In the present study, we determined the transcriptome changes that occur in response to different salinity gradients in the gill of the yellow drum. The results of this study could be a valuable resource for understanding the mechanisms of salinity adaptation and for promoting genetic studies in the yellow drum.
2. Materials and Methods
2.1. Ethics Statement
The yellow drum is not an endangered species. We anesthetized it with eugenol in field experiments to minimize the pain of all of the sample fish. All animal experiments were conducted in accordance with the Guidelines for Experimental Animals of the Ministry of Science and Technology (Beijing, China, no. 398, 30 September 2006).

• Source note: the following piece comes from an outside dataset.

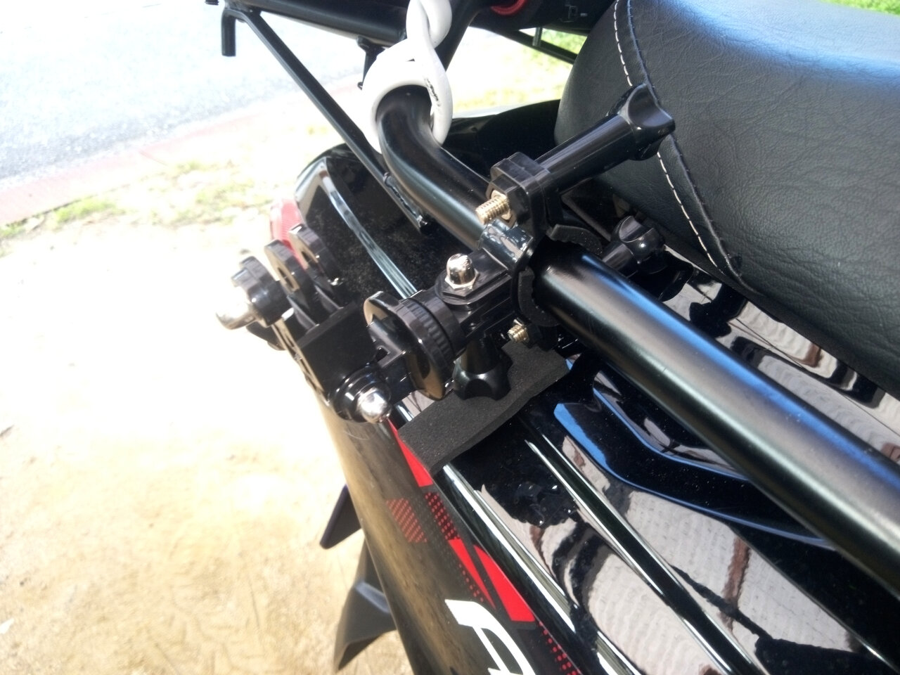 次に、バイクに取り付ける位置を変えてみます。

2.2. Experimental Fish and Salinity Stress Program
The experimental fish (10.1 ± 1.8 g) were from the Aoshanwei National Marine Research Center, Qingdao City, Shandong Province, China. The fish samples used in this study had been cultured in the farm using the natural seawater (temperature: 20 °C, salinity: 31 psu and pH: 7.5) since they were bred. In the manner of acute stress, the animals were placed in six separate aquariums (80 cm× 60 cm× 40 cm) with 9 fish per aquarium, each with a salinity gradient. The six salinities were 10, 15, 20, 25, 30, and 35 psu. Among them, 25 psu was used as the control group, and the other salinities were used as the treatment groups. A total of five groups of experiments with salinities of 10 vs. 25, 15 vs. 25, 20 vs. 25, 30 vs. 25, and 35 vs. 25 were analyzed. After 24 h of salinity stress, all samples were active, and no samples died. A total of three experimental individuals of similar size, vigor, and health were immediately euthanized and sampled in each experimental group. Gill tissues were collected and quickly frozen in liquid nitrogen for RNA extraction.

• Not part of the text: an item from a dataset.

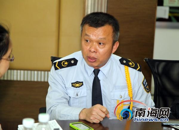 今年49岁的刘阳仁来自海南澄迈县新吴镇,在深圳保安行业是个“名人”。从一名退伍军人到普通的保安员,再到深圳市保安服务公司的中高层管理干部,27年一步一个脚印,还破格获得深圳户口和福利住房。(南海网记者 李晓梅 通讯员 王家专 摄)

2.3. RNA Extraction and Illumina Sequencing
In this study, total RNA of the samples was extracted using a standard Trizol Reagent Kit following the manufacturer’s protocols. The extracted total RNA was then diluted according to a certain proportion before the concentration and integrity test. The RNA concentration was measured using a NanoDrop 2000 (Thermo Scientific, Waltham, MA, USA). RNA integrity was assessed using an Agilent RNA 6000 Nano Kit from the Agilent Bioanalyzer 2100 system (Agilent Technologies, Santa Clara, CA, USA), and only high-quality samples (OD260/280 ≥ 1.8 and OD260/230 ≥ 1.8) were used to build a library for sequencing.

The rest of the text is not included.